K. Mophin-Kani; A.G. Murugesan
River monitoring study was conducted to assess the current water quality status employing macrobenthic organisms as pollution indicators at 12 sampling stations of the perennial river Tamirabarani during March to December 2008. The river is the main source for potable water supply, irrigation, domestic uses, industrial processes etc., to the two districts namely Tirunelveli and Thotthukudi with the population of more than 42,96,261 people.

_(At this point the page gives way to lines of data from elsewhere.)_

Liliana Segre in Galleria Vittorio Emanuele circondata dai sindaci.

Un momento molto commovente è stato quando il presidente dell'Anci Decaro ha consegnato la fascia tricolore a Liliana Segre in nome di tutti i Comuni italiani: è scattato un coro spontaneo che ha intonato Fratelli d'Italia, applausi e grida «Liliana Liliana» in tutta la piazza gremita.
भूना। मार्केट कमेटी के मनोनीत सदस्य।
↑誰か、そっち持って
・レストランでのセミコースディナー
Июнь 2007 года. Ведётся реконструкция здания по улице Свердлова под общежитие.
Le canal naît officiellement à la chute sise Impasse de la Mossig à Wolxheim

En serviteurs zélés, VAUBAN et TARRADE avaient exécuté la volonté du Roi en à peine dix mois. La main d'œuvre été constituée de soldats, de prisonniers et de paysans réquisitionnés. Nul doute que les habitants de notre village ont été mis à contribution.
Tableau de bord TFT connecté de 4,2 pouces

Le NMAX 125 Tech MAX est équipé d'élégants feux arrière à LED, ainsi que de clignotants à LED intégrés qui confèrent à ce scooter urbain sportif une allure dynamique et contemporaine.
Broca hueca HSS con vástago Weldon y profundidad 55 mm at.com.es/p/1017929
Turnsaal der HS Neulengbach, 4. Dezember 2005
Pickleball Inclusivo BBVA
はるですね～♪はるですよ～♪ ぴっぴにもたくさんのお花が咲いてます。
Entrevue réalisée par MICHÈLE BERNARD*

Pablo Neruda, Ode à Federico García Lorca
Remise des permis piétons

Based on the physicochemical study, the river water quality deteriorates mainly due to organic contaminants which was measured through high BOD, COD and TKN content of the water samples and due to high discharge of domestic discharges, sewage wastes, open defecation, livestock discharges all along the river course. A sum of 3372 macrobenthic individuals comprising of 58 families were collected during the study. The macrobenthic abundance (97 numbers) was perceived at Pabanasam (T1) during March and June; less (36 numbers) assemblage was observed at Thiruppudaimaruthur (T4). The Family Biotic Index level indicates excellent quality at 10.42% of the sampling stations, very good quality at 6.25% stations, good quality at 25% stations, fair quality at 20.83% stations, fairly poor quality at 16.67% stations and poor quality of water at 20.83% of the stations; EPT and EPT/C Index shows uneven distribution of pollution sensitive and pollution tolerant organisms throughout the river system. ASPT and BMWP score of the study showed the water quality from excellent to poor. At present the perennial river is under threat of anthropogenic disturbances during festival periods especially at upstream areas, Tirunelveli city and suburban reaches due to higher pilgrimage and various religious and rituals practices.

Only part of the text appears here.